С неожиданной лёгкостью тот взмахнул молотом.
– Этот молот он держал в руках, девушка!
– Я думала, его настоящий молот в Драгобужье, в Синих горах! – растерялась волшебница. – Во всех учебниках истории так написано!
Его величество захохотал:
– Юные гномы, такие шутники, любят расписывать стены чертогов скабрёзными стишками, хотя и знают, что порка для тех, кого поймают, будет жестокой! Но ты же не станешь считать их каракули исторически верным фактом?
Сейчас, плечом прижавшись к плечу Дробуша, вновь принявшего человеческий облик, Вителья всерьёз размышляла, что после услышанного от Ахфельшпроттена можно, а что нельзя считать исторически верным фактом, и опомнилась лишь тогда, когда стоящий чуть впереди Ягорай окликнул светловолосую эльфийку, уходящую в сопровождении послов в портал.
Она не оглянулась. Застыла, будто вмиг превратилась в ледяную статую. Рю Воронн, подойдя к ней, остановился сзади, склонился, шепча на ухо…

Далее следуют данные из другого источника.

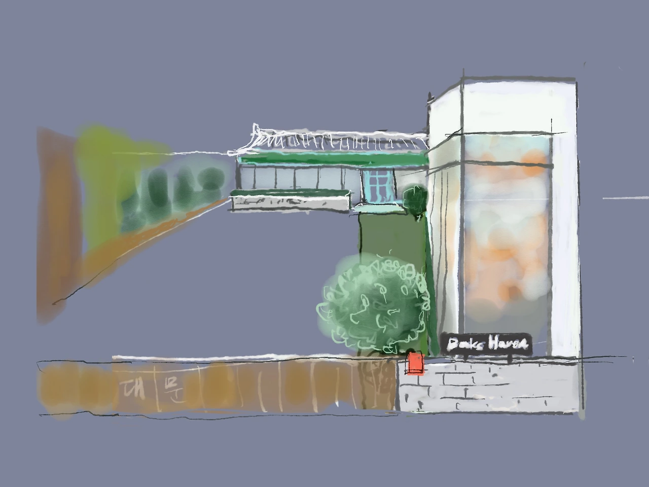 경관이 이상해지면 어쩌나 하는 걱정으로 잠이 오지 않아 그림을 그려봤다.
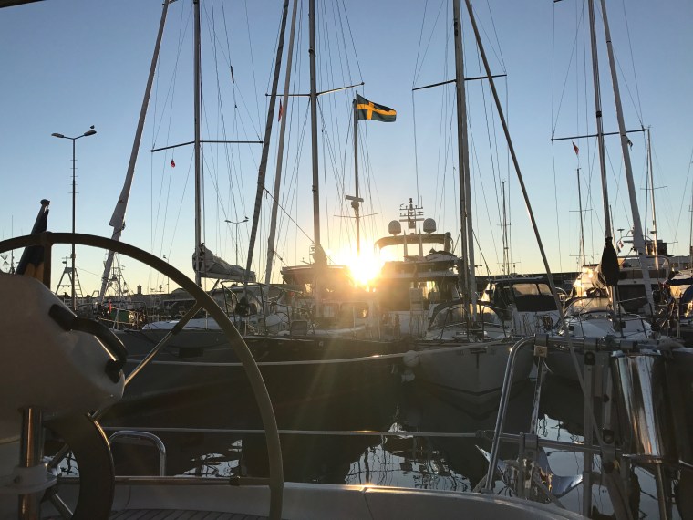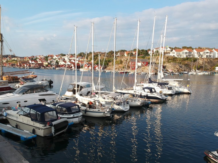 Vi fick en solig dag på havet och nästan 2 knops medström hela vägen till den svenska kusten så överfarten från kaj till kaj tog knappt sex timmar. På Islandsberg möttes vi av Kvartsita och vi gick sedan vidare till just Kvartsitas hemmahamn Fiskebäckskil.
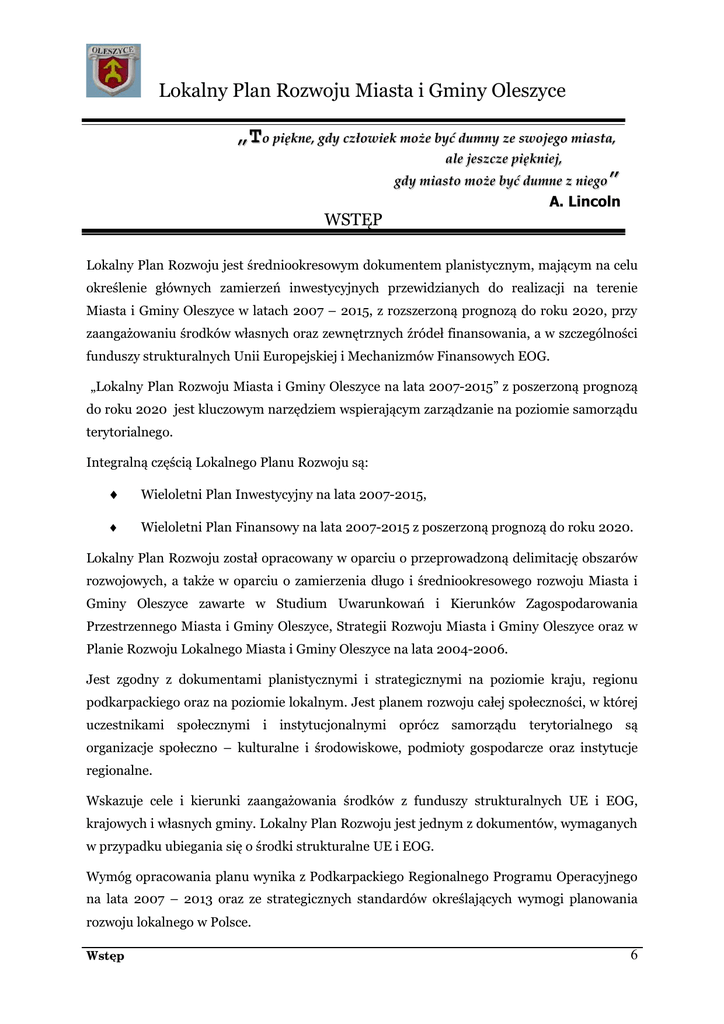 Lokalny Plan Rozwoju Miasta i Gminy Oleszyce
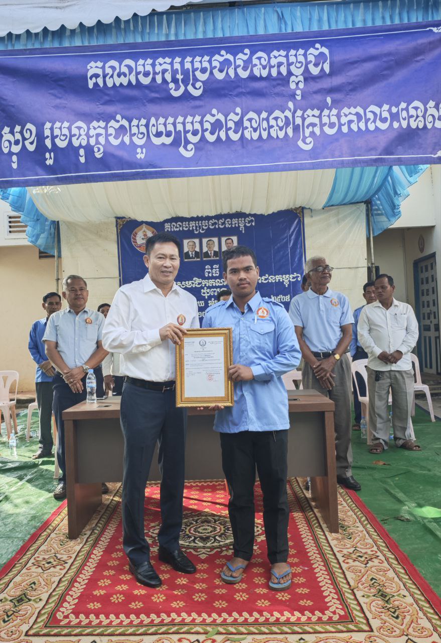 (កំពង់ធំ)៖ លោកបណ្ឌិត ជា បូរ៉ា រដ្ឋមន្ត្រីប្រតិភូអមនាយករដ្ឋមន្ត្រី សមាជិកគណៈកម្មាធិការកណ្ដាលគណបក្ស អនុប្រធានក្រុមការងារគណបក្សចុះមូលដ្ឋានខេត្តកំពង់ធំ និងជាអនុប្រធានទី២ ក្រុមការងារគណបក្សចុះមូលដ្ឋាន ស្រុកតាំងគោក និងជាប្រធានក្រុមការងារគណបក្សចុះមូលដ្ឋានឃុំពង្រ នាព្រឹកថ្ងៃទី២៤ ខែមករា ឆ្នាំ២០២៦នេះ បានអញ្ជើញជាអធិបតីប្រកាសបញ្ចូល សមាជិកថ្មី នៃគណបក្សប្រជាជនកម្ពុជាឃុំពង្រ ចំនួន ៤៧៦រូប ស្រី ២៥៧រូប មកពីភូមិចំនួន ០៧ នៃឃុំពង្រ រួមមាន៖ ភូមិតាព្រៃ ភូមិអូរាំង ភូមិពង្រ ភូមិថ្នល់កែង ភូមិត្រដក់ពង ភូមិអមទង និងភូមិស្រះសំបួរ។
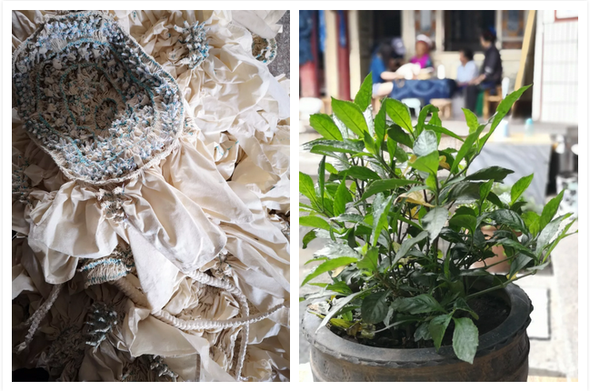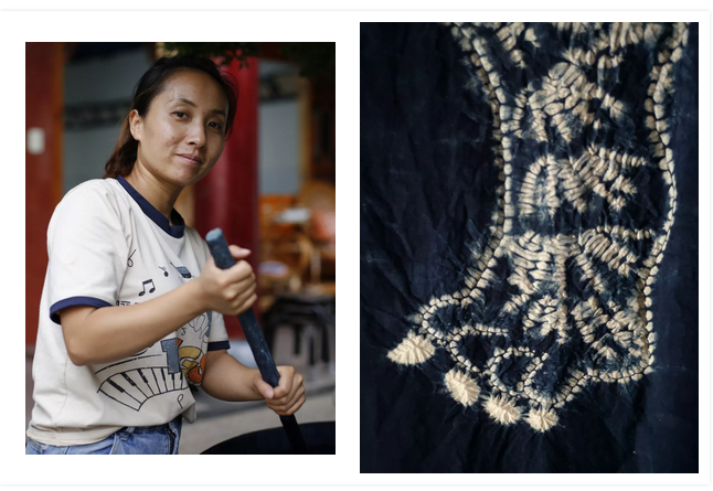 夜深人静的时候,三人拿上工具,轻手轻脚,将黄粪扒开,一捧捧抓回染泥,抬回去藏在村民家中,直到风头过去,重新染布时,派上了大用场。事实上,后来的很长一段时间,村里都是偷偷摸摸地染布,在村民隐蔽的后院偷偷栽种板蓝根,偷偷制作染泥,偷偷绞扎,偷偷晾晒,直到有一天这些技艺传承在光天化日之下……
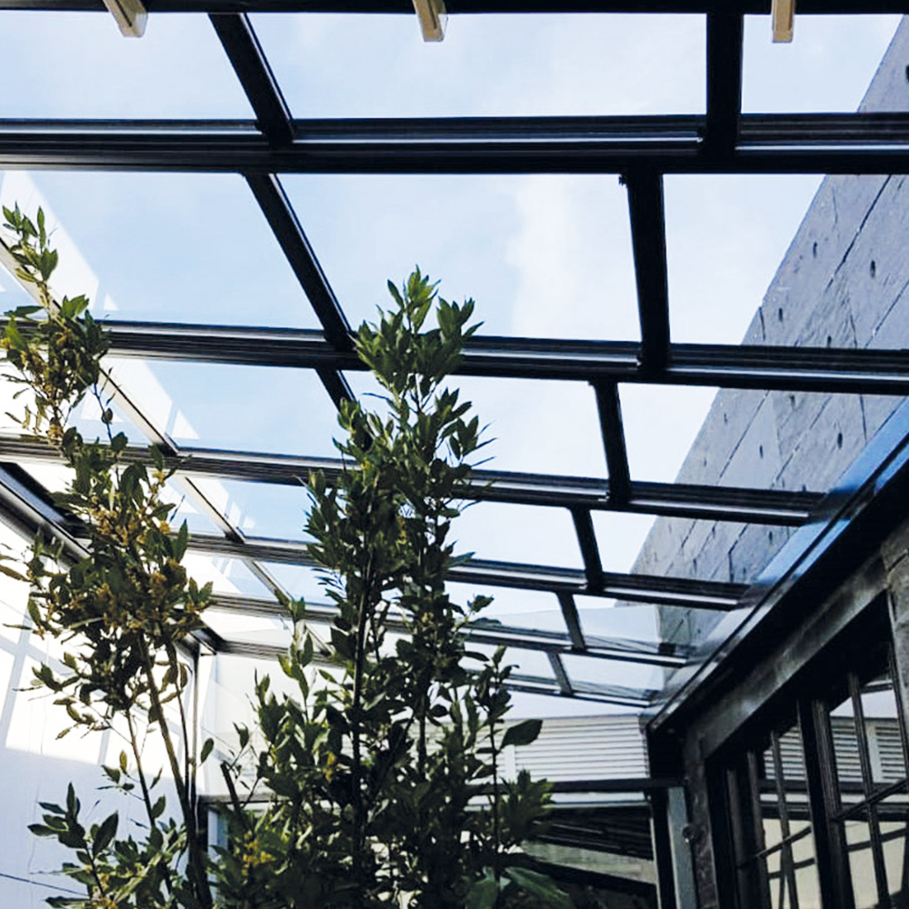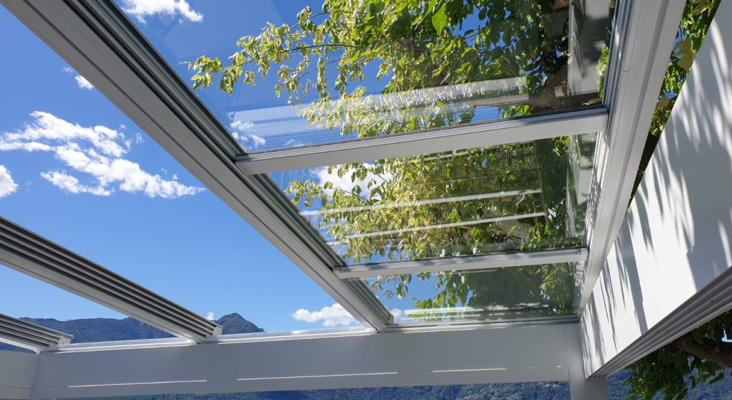 Takket være det motoriserte glasstaksystemet tillater terrassetaket SKIEN gradvis ventilasjon av det overbygde rommet, ved at åpningen av panelene kan justeres etter ønske. Det er et system som ikke er sesongbasert, og sikrer bruk hele året. Dets effektivitet og allsidighet gjør det til det perfekte produktet for ethvert uteområde.

Да, всё, произошедшее в Лималле, казалось Вителье Таркан ан Денец кошмаром, и кошмар не прекращался! Оцепенев, она смотрела, как рука рю Воронна коснулась плеча Аргониэль, как та резко обернулась и взглянула на него с отчаянием и надеждой, как закинула руки ему на плечи и, приподнявшись на цыпочки, подарила поцелуй, такой жаркий, что стоящие по соседству гномы отвели глаза, а эльфийские послы машинально положили ладони на рукояти церемониальных мечей. Высокий черноволосый Ягорай и хрупкая, будто светящаяся изнутри эльфийская принцесса вместе смотрелись так, словно были наречённой с рождения парой. Вителья, всё время с пробуждения в каменной могиле пребывающая в каком-то полусне, вдруг вспомнила и его руки, и его губы, и движения сильного тела, от которого сама вспыхивала, как сухая трава от искры. Это всё уже принадлежало ей когда-то! Его дыхание и стоны, его сила и нежность, его… честность!
Широко раскрыв глаза, Вита смотрела, как возвращается Яго, и лицо его светилось, будто он перенял у эльфийки сияние. Спохватившись, отвела глаза. Крейская девушка не станет прилюдно выказывать свой интерес к мужчине! Всё, что им нужно, – вернуться в Ласурию и поговорить, ведь они ещё ни слова не сказали друг другу с того момента, как она, открыв глаза, обнаружила рядом и его, и Дробуша почему-то в истинном облике, и других своих друзей!
«Когда ты так мило размышляешь, я готов тебя расцеловать!» – раздался в её голове мурлыкающий голос. На миг мелькнула перед глазами кошачья морда на тулове, увешанном цепочками.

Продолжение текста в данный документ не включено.